» EXERCISE PROMPT: Using the entries that follow, transcribe only the lines from the line with "Comedero MODELO C2® PLUS bajo" to the line with "일자: 2021. 4. 2(금) 장소: 광주사회복지공동모금회 나눔문화관", both included, exactly as they stand and without pictures.

[[ ENTRIES PROVIDED open ]]

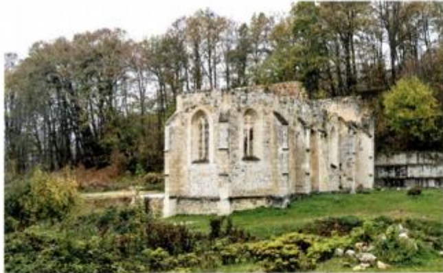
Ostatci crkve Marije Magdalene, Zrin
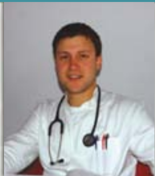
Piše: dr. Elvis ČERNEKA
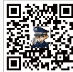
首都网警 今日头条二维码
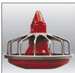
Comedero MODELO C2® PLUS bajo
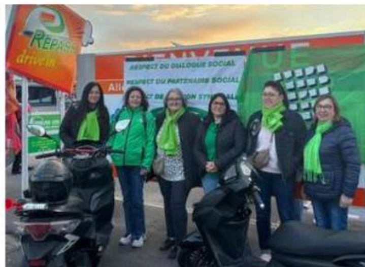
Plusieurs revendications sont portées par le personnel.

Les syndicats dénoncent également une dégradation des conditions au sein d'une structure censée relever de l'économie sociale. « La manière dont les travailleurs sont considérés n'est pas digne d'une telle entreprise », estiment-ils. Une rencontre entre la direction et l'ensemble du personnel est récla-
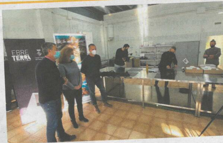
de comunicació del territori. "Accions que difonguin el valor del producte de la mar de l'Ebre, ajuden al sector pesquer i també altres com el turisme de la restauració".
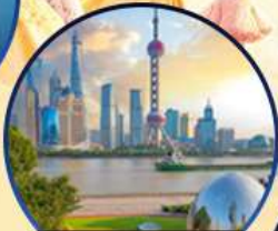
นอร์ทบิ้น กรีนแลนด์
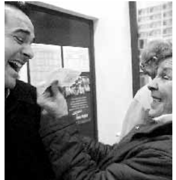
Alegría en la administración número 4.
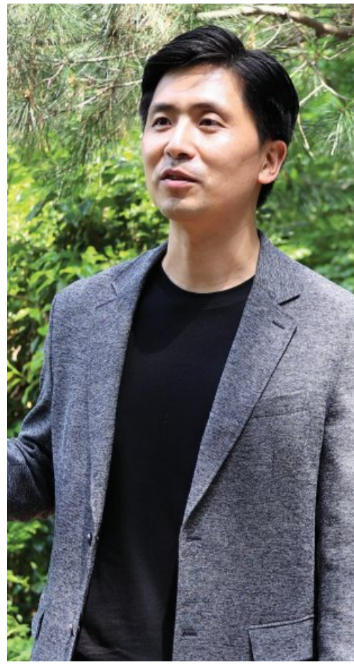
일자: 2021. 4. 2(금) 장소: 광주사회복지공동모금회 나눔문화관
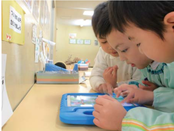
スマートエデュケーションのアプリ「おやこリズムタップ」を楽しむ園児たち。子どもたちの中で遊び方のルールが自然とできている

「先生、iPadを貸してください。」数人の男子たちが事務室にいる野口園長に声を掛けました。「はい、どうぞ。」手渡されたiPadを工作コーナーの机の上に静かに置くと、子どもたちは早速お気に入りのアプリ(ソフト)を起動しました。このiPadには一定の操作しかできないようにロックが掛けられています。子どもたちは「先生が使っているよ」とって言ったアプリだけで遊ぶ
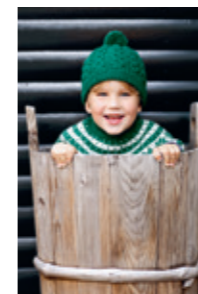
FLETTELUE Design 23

[[ ENTRIES PROVIDED closed ]]

» SOLUTION FOR THIS EXERCISE:
Comedero MODELO C2® PLUS bajo
Plusieurs revendications sont portées par le personnel.

Les syndicats dénoncent également une dégradation des conditions au sein d'une structure censée relever de l'économie sociale. « La manière dont les travailleurs sont considérés n'est pas digne d'une telle entreprise », estiment-ils. Une rencontre entre la direction et l'ensemble du personnel est récla-
de comunicació del territori. "Accions que difonguin el valor del producte de la mar de l'Ebre, ajuden al sector pesquer i també altres com el turisme de la restauració".
นอร์ทบิ้น กรีนแลนด์
Alegría en la administración número 4.
일자: 2021. 4. 2(금) 장소: 광주사회복지공동모금회 나눔문화관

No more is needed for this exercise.